29 giugno 2025 festa di San Pietro Apostolo a San Pietro in Carpignano (Quiliano). Quanto è importante salvaguardare la nostra storia anche negli immobili? Anni ’60 l’area diventa di proprietà di una società petrolifera e corse seri rischi.
Quel che sta accadendo e accadrà a Loano (SV), vale a dire la cessione dell’ex Istituto Rossello a privati per realizzare altri tipi di utilizzo, lontani dalla salvaguardia storica del territorio, è stato denunciato la settimana scorsa dal nostro coordinatore, Luciano Corrado, con un adeguato lavoro da reporter: https://trucioli.it/2025/06/19/loano-a-sorpresa-palazzo-di-7-piani-e-box-per-riqualificare-istituto-rossello-e-bocche-cucite/
Questa vicenda mi fa venire in mente il sito di San Pietro in Carpignano, nel Comune di Quiliano, pertinente alla festa dei Santi Pietro e Paolo che i cattolici festeggeranno fra pochi giorni, il 29 giugno. Quello scrigno di arte e storia è stato dimenticato e abbandonato per secoli, e ha rischiato una fine ingloriosa, che provo a ripercorrere in alcuni tratti.
Nonostante risultasse da più fonti che l’antico entroterra di Vada Sabatia fosse intensamente abitato e coltivato già all’epoca della prima occupazione romana, oltre che essere sbocco naturale dei prodotti agricoli coltivati nelle Langhe, quell’ambiente così ricco di promesse è stato quasi inesplorato fino ai tardi Anni Settanta del Novecento.

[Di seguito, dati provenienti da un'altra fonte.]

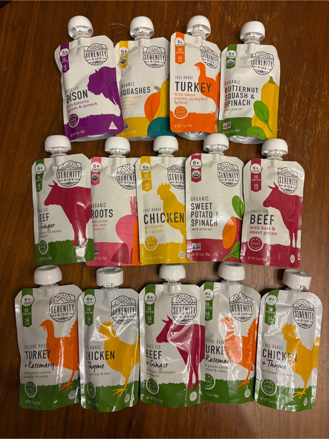 Got a variety of My Serenity Kids baby food pouches for little ones 6+ months. They're packed with organic ingredients and come in different flavors. All new, $5 each
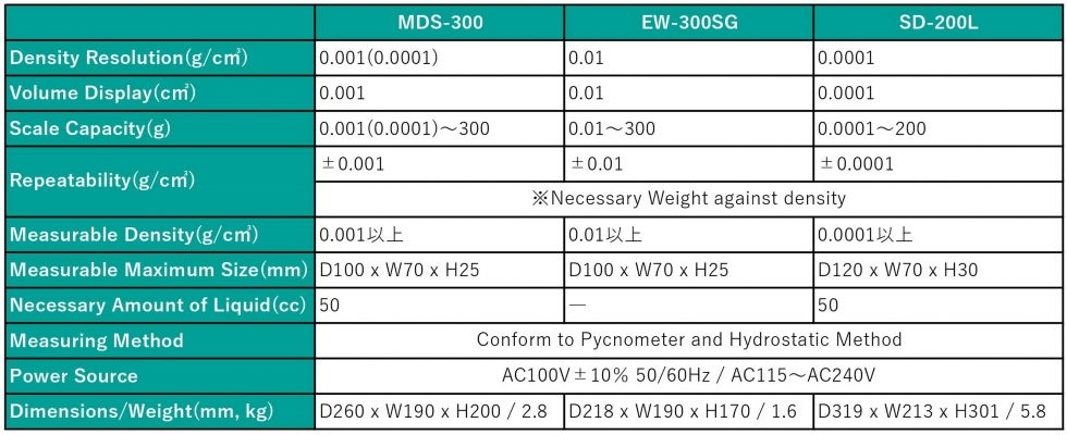 Easy density measurement of not only solid, and liquid sample density, but also new

Eppure, le alterne vicende storiche, che hanno causato spostamenti geografici anche consistenti del capoluogo dei Liguri Sabazi, avrebbero dovuto incrementare le ricerche nel territorio compreso tra i loro due maggiori centri, Savona e Vado, alternativamente occupati nei momenti di massima espansione di quel popolo, in grado di offrire una visione più chiara degli eventi legati alla loro vicenda, che nel capoluogo più stratificato rischiano di essere compromesse da successive occupazioni di spazio.
Sul disinteresse per l’area di Vado – Sabatia ha già scritto su “Trucioli”, in tempi recenti (anno IX, numero 33 del 22 aprile 2021), Danilo Bruno, oggi Presidente della Società di Storia Patria Savonese: https://trucioli.it/2021/04/22/a-chi-giova-silenzio-tombale-sullantico-abitato-vada-sabatia-ma-don-queirolo/
Possiamo leggere cosa scriveva al riguardo, oltre quarant’anni fa, Gian Piero Martino su “Sabazia” (numero 1, anno 1982, pp. 3 – 11):
« Il primo attento esame storico-architettonico del complesso di San Pietro in Carpignano risale al 1956, e si deve a Bruna Ugo, che ne individua le caratteristiche preromaniche, tra le più antiche del savonese, e rileva la presenza di abbondante materiale romano di reimpiego sia nella muratura stessa — l’esempio più evidente è dato dalla colonna di granito che sostiene il campaniletto probabilmente trecentesco — sia nei campi circostanti, documentando così l’origine romana dell’insediamento.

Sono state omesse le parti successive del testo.